Section 523(a)(4) states:
(a) A discharge under section 727 . . . of this title does not discharge an individual from any debt —
(4) for fraud or defalcation while acting in a fiduciary capacity, embezzlement, or larceny;
In order to find the debt nondischargeable, Plaintiff must show that Defendant was operating in a fiduciary capacity and that while so acting, he committed a defalcation.
In defining "fiduciary capacity" as it applies to Section 523(a)(4), several courts have held that a state statute can create the necessary fiduciary status, provided that the statute defines the res, states the fiduciary duty, and imposes a trust on funds prior to the act creating the debt. American Insurance Company v. Lucas, 41 B.R. 923 (W.D.Pa. 1984); In re Interstate Agency, Inc., 760 F.2d 121 (6th Cir. 1985); In re Livingston, 40 B.R. 1018 (E.D.Mich. 1984); In re Lipke, 54 B.R. 704 (Bankr.W.D.Wis. 1985); In re Owens, 54 B.R. 162 (Bankr.D.S.C. 1984); In re Gagliano, 44 B.R. 259 (Bankr.N.D.Ill. 1984).
Pennsylvania does statutorily impose a fiduciary duty upon insurance agents:
Every insurance agent and broker, acting as such in this Commonwealth, shall be responsible in a fiduciary capacity for all funds received or collected as insurance agent or broker and shall not, without the express consent of his or its principal, mingle any such funds with his or its own funds or with funds held by him or it in any other capacity. Nothing herein contained shall be deemed to require any such agent or broker to maintain a separate bank deposit for the funds of each such principal, if and so long as the funds so held for each such principal are reasonably ascertainable from the books of account and records of such agent or broker.

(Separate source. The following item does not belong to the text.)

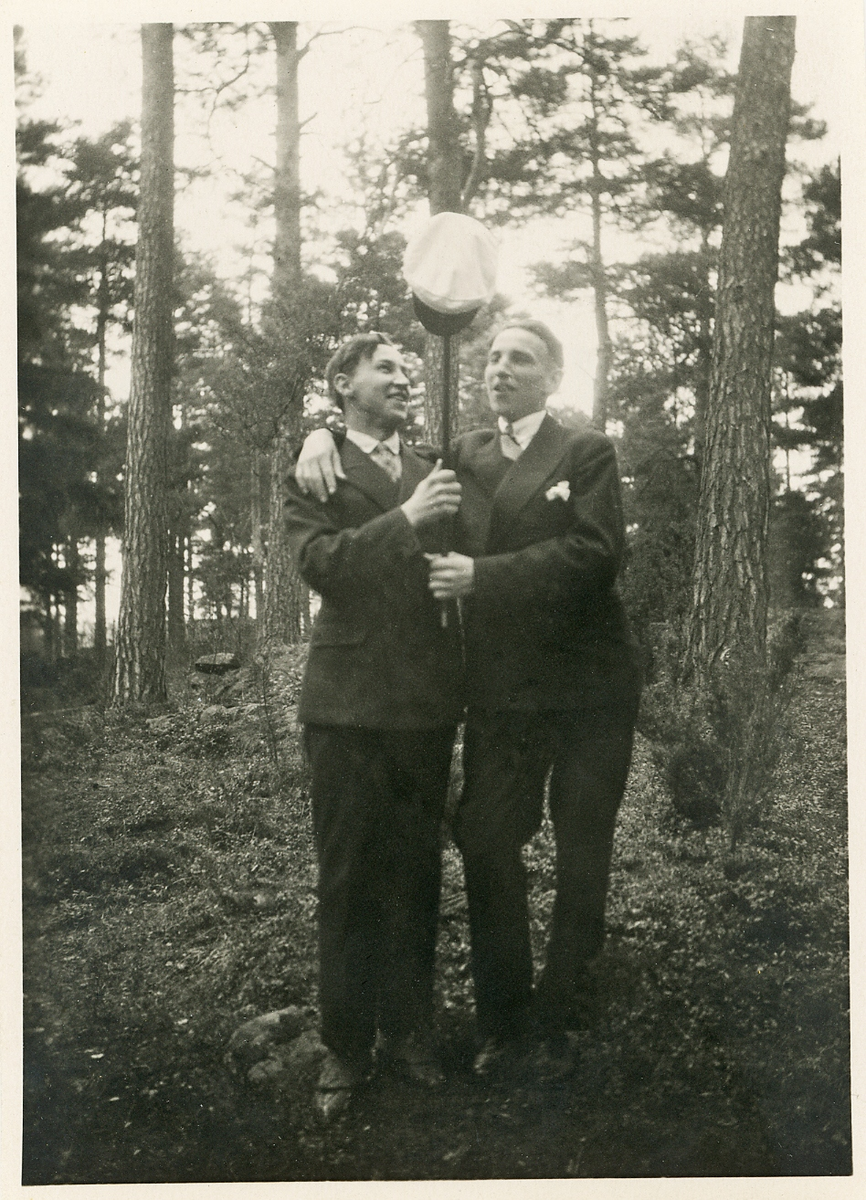 Två glada studenter i en skogsbacke, med en studentmössa på en käpp.

Pa.Stat.Ann. tit. 40, § 273.1 (Purdon 1961).
The Debtor argues that the parties to the Agency Agreement are Plaintiff and Wemack, rather than Plaintiff and Defendant, and accordingly, the statute is not applicable. We disagree.
The statute binds all insurance agents acting in such capacities. Defendant admits to being a Pennsylvania licensed insurance agent. Defendant, as President of Wemack, signed the Plaintiff/Wemack Agency Agreement and was the only licensed insurance agent employed by Wemack. A corporate officer is personally liable for the tortious injury committed by him, regardless of a piercing of the corporate veil. He is so liable even if his actions were taken for the benefit of the corporation. In re Interstate Agency, supra; A M Records, Inc. v. M.V.C. Distributing Corporation, 574 F.2d 312 (6th Cir. 1978); Davis H. Elliot Company, Inc. v. Carribean Utilities Company, Ltd., 513 F.2d 1176 (6th Cir. 1975); Restatement (Second) of Agency § 343 (1957).

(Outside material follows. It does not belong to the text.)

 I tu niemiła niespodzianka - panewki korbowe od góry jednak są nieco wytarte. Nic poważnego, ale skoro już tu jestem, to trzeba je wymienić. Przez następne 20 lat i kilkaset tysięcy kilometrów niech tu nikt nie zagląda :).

We have found no cases in our Circuit which address this issue. While the decisions of the Sixth Circuit are not binding upon us, they are certainly persuasive, and we choose to follow their analysis. Therefore, we find that Defendant did act in a fiduciary capacity.

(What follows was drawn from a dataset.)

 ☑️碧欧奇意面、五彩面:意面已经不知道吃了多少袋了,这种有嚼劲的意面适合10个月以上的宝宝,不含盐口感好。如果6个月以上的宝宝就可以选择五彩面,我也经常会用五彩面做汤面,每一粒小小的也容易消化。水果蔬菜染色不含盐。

The second necessary element for a finding of nondischargeability is that Defendant committed a fraud or defalcation. The cases interpreting the term "defalcation" have given it broad meaning, including the failure of a fiduciary to account for money received in his fiduciary capacity, whether by misapplication, negligence, ignorance, or innocence. American Insurance Company v. Lucas, supra; In re Owens, supra; In re Wolfingtion, 48 B.R. 920 (Bankr.E.D.Pa. 1985); In re Gagliano, supra.
Defendant has admitted that Wemack or its employees received premium payments, although he is presently unable to determine the particulars, inter alia, the parties from whom said premiums were received, the date they were received, or the amounts thereof. Defendant has admitted that Wemack is indebted to Plaintiff, by listing said debt in its bankruptcy Schedules. As Defendant's fiduciary status has been determined, Defendant has equally admitted receipt and lack of remittance. This constitutes a defalcation under § 523(a)(4) of the Bankruptcy Code.
Therefore, Plaintiff is entitled to a finding that the debt owed it by the Defendant is nondischargeable pursuant to § 523(a)(4). If the parties, after discovery, cannot agree as to the amount, such determination shall be found by this Court after an evidentiary hearing.
An appropriate Order will be issued.